26. The lubricating oil composition of claim 25 wherein the molybdenum succinimide is a sulfurized molybdenum succinimide.

27. The lubricating oil composition of claim 25 wherein the molybdenum succinimide is a non-sulfurized molybdenum succinimide.

28. The lubricating oil composition of claim 25 wherein the molybdenum succinimide is employed in an amount sufficient to provide from about 10 to about 5,000 parts per million of atomic molybdenum in the lubricant composition.

29. A method of enhancing the life of a lubricating oil composition as evidenced by an improvement in wear, extreme pressure, oxidation, and deposit control performance, the method comprising operating an internal combustion engine with a lubricating oil composition comprising a major amount of a base oil of lubricating viscosity and a minor amount of each of the following:

wherein the weight ratio of a) to b) is about 0.3 to about 0.5;

30. A method according to claim 29, further comprising from about 0.2 to about 0.6 weight percent of a low overbased metal-containing detergent.

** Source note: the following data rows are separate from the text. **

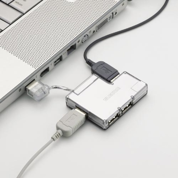 コンパクトなUSB2.0ハブ。アップストリームコネクタをダウンストリームポートに差し込んで収納可能。セルフパワー/バスパワー両用。
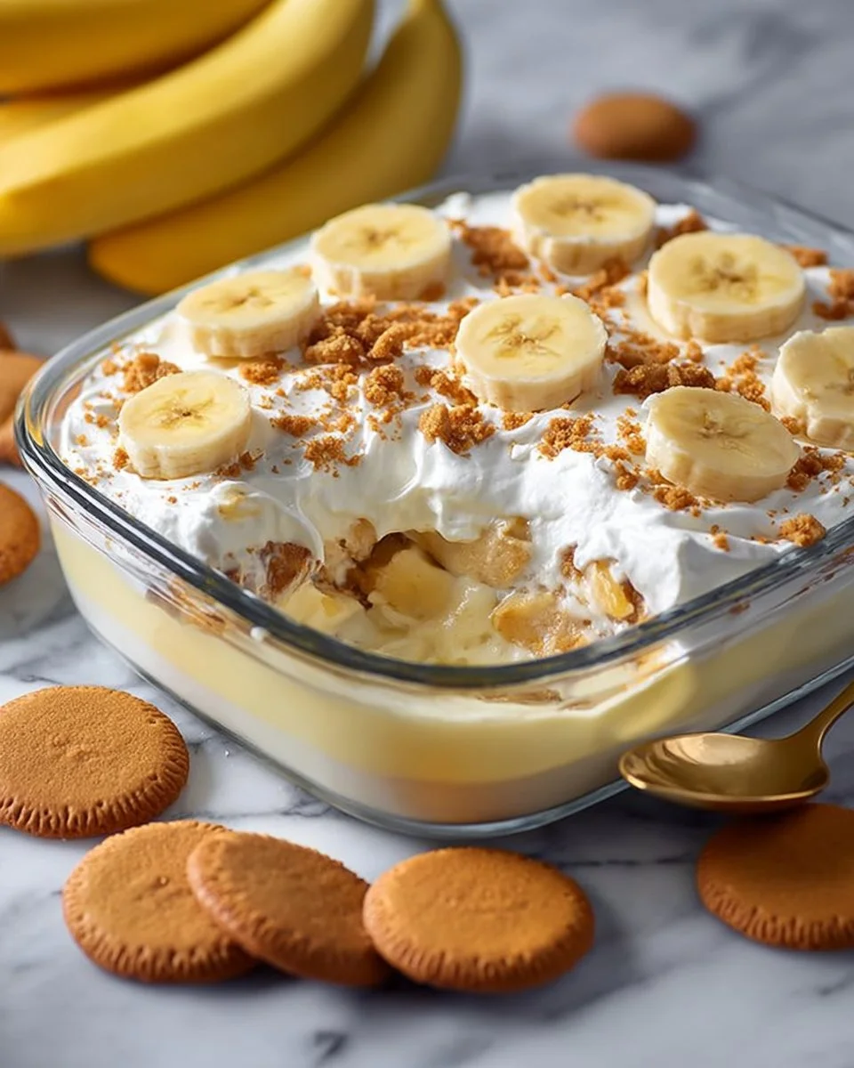 A delightful no-bake dessert with layers of sweet vanilla pudding, bananas, and crunchy vanilla wafers.
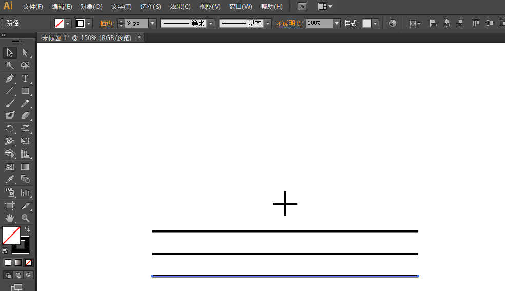 2、再绘制三根长的直线在下方。

31. A method according to claim 29, further comprising from about 0.5 to about 3.0 weight percent of a nitrogen-containing ashless antioxidant.

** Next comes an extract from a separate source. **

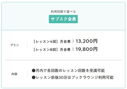 予約専用サイトより、ご希望のレッスン日時をご予約いただく完全予約制です。予約時間の1時間前までお客様ご自身で予約専用サイトからキャンセルが可能で、急な用事などが入ってしまった場合も1回分を消化することなくキャンセル対応が可能で安心です。また、通いたいペースにあわせて、月4回、月8回のプランをお選びいただけます。月の利用回数を超えてご利用されたい場合は、1回あたり3,850円をお支払いいただければ追加での受講が可能です。
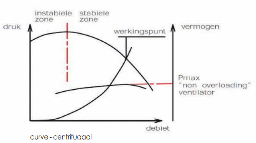 De verleiding om een kleinere machine te kiezen, goedkoper in aanschaf maar met een slecht rendement, is groot, maar zal u op lange termijn duur komen te staan. Kies geen ventilator die al van bij het begin helemaal rechts op de curve werkt.

32. A method according to claim 1, further comprising from about 0.3 to about 1.0 weight percent of an alkylthiocarbamoyl compound.

33. A method according to claim 1, further comprising from about 0.3 to about 1.5 weight percent of a molybdenum-succinimide complex.

34. A method according to claim 1 wherein the total phosphorus in the composition is no more than 0.05 weight percent based on the total weight of the composition.